__Your goal__: With pictures omitted, copy exactly every line from the one that contains "Primary color is" to the end of the listing below.

__The data__:
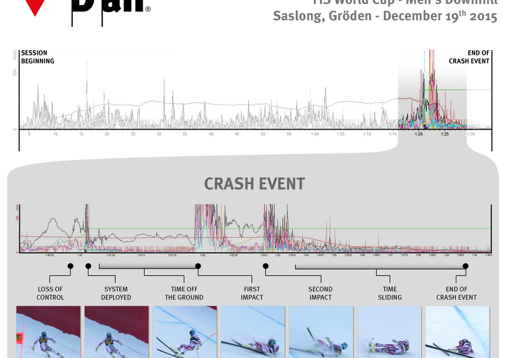 Il Dott. Gabl ha confermato che "il D-air Ski abbia molto probabilmente evitato all'atleta ulteriori traumi al torace". Dainese ha presentato i dati relativi alla caduta, evidenziando che l'impatto con il terreno è avvenuto ad una velocità di 109 km/h, generando accelerazioni fino a 13G con ripetuti e violenti impatti con la pista, come è visibile nelle schede che vi mostriamo in gallery.
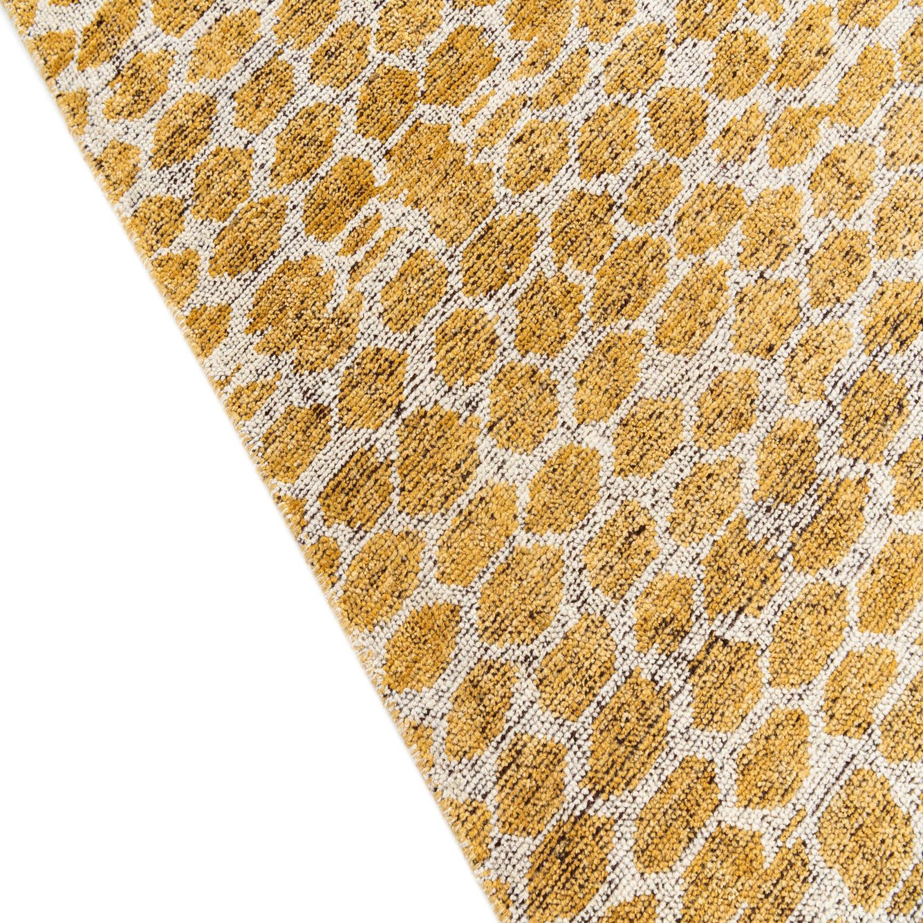 Primary color is Yellow. Colors in this rug include: Yellow, Ivory.
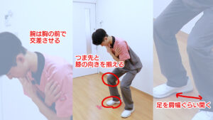 - 足を肩幅くらいに開き、つま先と膝の向きを揃える

__Result__:
 Primary color is Yellow. Colors in this rug include: Yellow, Ivory.
 - 足を肩幅くらいに開き、つま先と膝の向きを揃える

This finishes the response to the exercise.